Il judo persegue obiettivi di natura apprenditiva e formativa che consentono al soggetto di migliorare:
• attenzione e concentrazione
• controllo di sé e dell'ambiente;
• ragionamento
• immaginazione
Relativamente all’ immaginazione, il Judo esercita una spiccata capacità di "immaginazione" soprattutto ideativo-
motoria; creando situazioni sempre nuove spinge il soggetto alla simulazione soggettiva ovvero alla previsione di
comportamenti, gesti, circostanze rispetto alle quali c'è una costante richiesta di modificazione e riadattamento
funzionale degli schemi di azione. Per tali ragioni il Judo viene considerato une sport tipicamente "situazionale"

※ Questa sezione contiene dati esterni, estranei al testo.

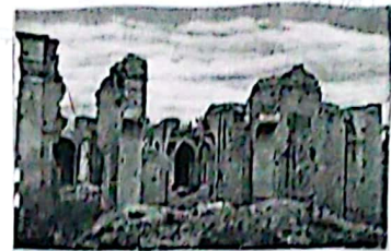
La catedral de La Rioja "San Nicolás de Bari" (que se encuentra en la Plaza 25 de Mayo) totalmente destruida tras el sismo

Como consecuencia directa hubo 52 muertos en San Juan; 9 en Mogna, 7 en Rodeo, 8 en Las Flores, 6 en Iglesia y 2 en Huaco. En la ciudad de San Juan murieron solamente 12 personas, en Albardón 4, en Angaco 1, en Jáchal 4, y en la ciudad de La Rioja 8
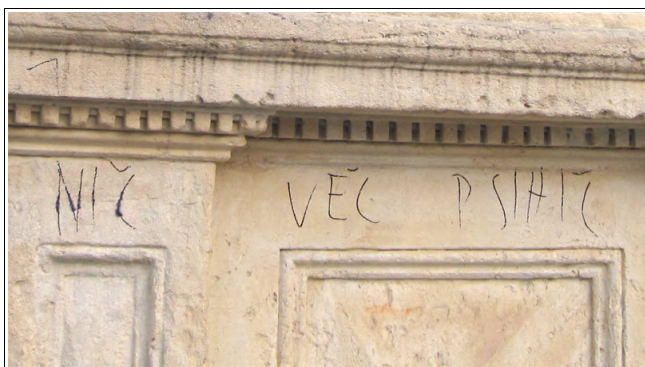
Napis na vznožju spomenika, Foto: Dejan Razlag

Že od same obnove trga je tako znamenje veliko bolj izpostavljeno raznim zunanjim vplivom, ljudje po njem celo plezajo, z rolkami uničujejo vznožje, prizori, ko je na in ob znamenju kup smeti so nekaj vsakdanjega, ne dolgo nazaj pa je celo nekdo vznožje znamenja popisal z velikim napisom "Nič več psihič". Napis verjetno opisuje željo po izboljšanju njegovega duševnega stanja, saj je tako ravnanje nedopustno.
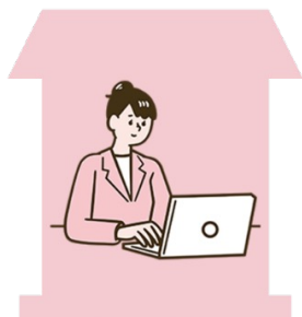
居宅介護 支援事業所
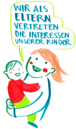
Artikel 3 UN-Kinderrechtskonvention

Eine partnerschaftliche und vertrauensvolle Zusammenarbeit ist das A und O für unsere Tätigkeit als Elternvertreter:
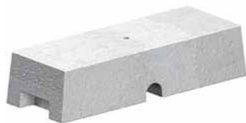
2666.060 Kunststof ballastblok 19kg
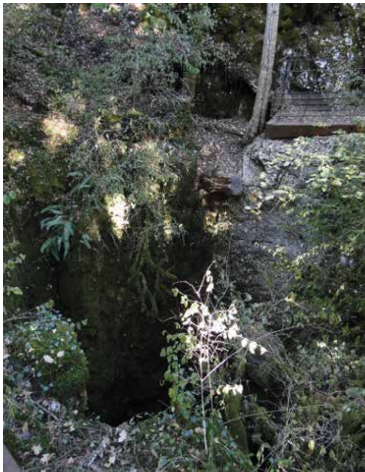
▼ Entrée de l'igue de Planagrèze

Du parking, franchissez le « passage canadien » et prenez la large piste. Admirez à droite le superbe enclos, ancienne parcelle cultivée, entièrement construit en pierre. Vous arrivez rapidement devant un curieux mur, constitué de très grosses pierres plates posées verticalement les unes contre les autres. Juste de l'autre côté, vous devinez la grande dépression de l'igue de Planagrèze. Approchez-vous de la barrière en métal, mais la vue est masquée par la végétation. Longez le mur vers la gauche, et tournez à droite au niveau du panneau des Espaces Naturels Sensibles du Lot consacré à la cavité. Un petit portail (bien le refermer) marque le début du petit sentier qui descend au bord du gouffre (barrières métalliques de sécurité) ①.
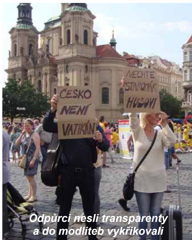
Odpůrci nesli transparenty a do modliteb vykřikovali

Nedělala jsem si o odpůrcích iluze, ale zdá se, že jejich zloba nepramení ani tak z odporu proti obnovení sloupu jako z nenávisti ke křesťanství a jeho hodnotám. Domnívám se, že základní
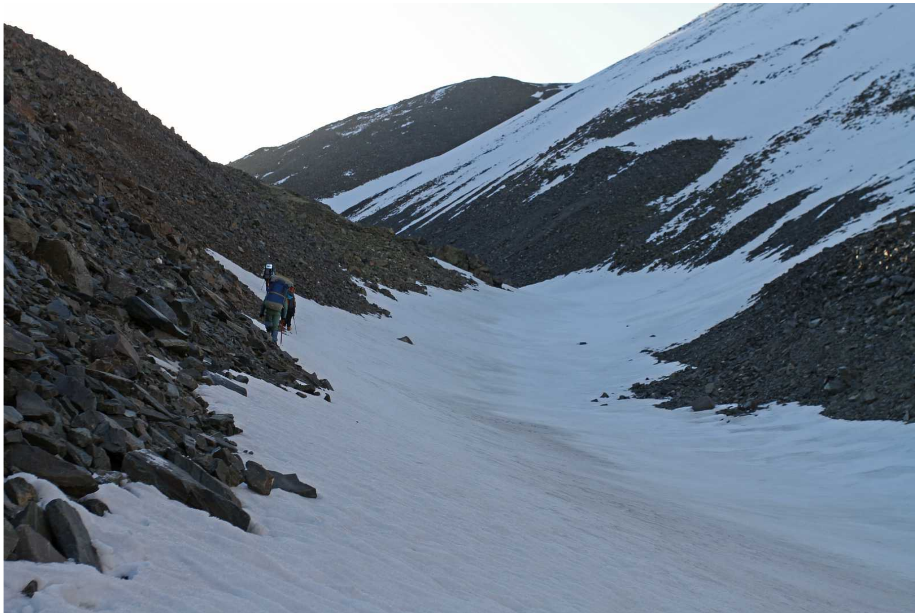
Фото 104. Вверх вдоль лога, ведущего в верховую долину перевала Рубцовский

ovvero un'attività nella quale la capacità di controllo di sé e dell'ambiente, diventa strategica. Il judo educativo,
infatti, investendo molto sulla "comprensione della situazione", finisce per favorire una forte competenza auto-
orientativa: il piccolo atleta posto in una situazione che muta continuamente è costretto a produrre sempre più
sofisticate capacità di osservazione, di comprensione, di ragionamento, di simulazione e, naturalmente, di
previsione del comportamento dell'avversario. Sembrerebbe anche favorire un decremento di comportamenti
violenti, di atteggiamenti antisociali e di bullismo, oltre a diminuire sensibilmente l'uso del linguaggio scurrile. In
sintesi il Judo educativo è una disciplina in grado di far maturare competenze ed atteggiamenti socio-relazionali
efficaci tali da produrre un ampliamento del bagaglio di esperienze comportamentali e motorie che trovano
impiego ed applicazione in molte circostanze della vita. Il Judo rende la pratica motoria e sportiva un'occasione di
crescita e di sviluppo fisico, cognitivo, emotivo e sociale.
Corpo e postura
Il corpo esprime un linguaggio, a volte complicato, a volte facilmente leggibile. La questione risiede nel fatto che noi
vediamo soltanto ciò che conosciamo e per questo non siamo sempre bravi a riconoscere il linguaggio corporeo. La
posturologia è una branca afferente alla medicina che si prefigge lo scopo di leggere questo tipo di linguaggio,
osservando ciò che il corpo esprime, ragionando sulle sue manifestazioni, senza fermarsi al sintomo o al disturbo
principale. Un esempio può essere rappresentato da un paramorfismo molto comune cioè l'atteggiamento
scoliotico. In passato l'opinione prevalente di medici e specialisti era quella di fare ricorso a busti e a corsetti, cioè
ad ausili terapeutici atti a "riparare" ovvero a ripristinare la postura corretta che si era persa. Nel tempo tale
approccio si è rivelato spesso inadeguato se non addirittura controproducente. Il motivo di tale inadeguatezza
risiedeva nella parzialità e settorialità dell'approccio stesso: guardare solo alla schiena preoccupandosi
esclusivamente della scoliosi senza chiedersi il perché. Prendendo al contrario guardando al problema, in un'ottica
più ampia ed olistica, nella complessità della sua manifestazione, magari si poteva scoprire che tale scoliosi era
imputabile, ad esempio, ad un difetto della visione che, producendo una inclinazione del capo. Oppure era riferibile
ad un disallineamento della mandibola che finiva per determinare un compenso a livello della schiena. Un esperto
in posturologia assume invece rispetto a tale evento, un atteggiamento diverso tendente a comprendere il perché
di un siffatto fenomeno, cercando di andare alle cause della manifestazione del sintomo. I principi teorici che la
posturologia assume possono essere in sintesi riferiti alla "teoria del caos" secondo la quale "piccole variazioni nelle
condizioni iniziali producono grandi variazioni nel comportamento a lungo termine in un sistema".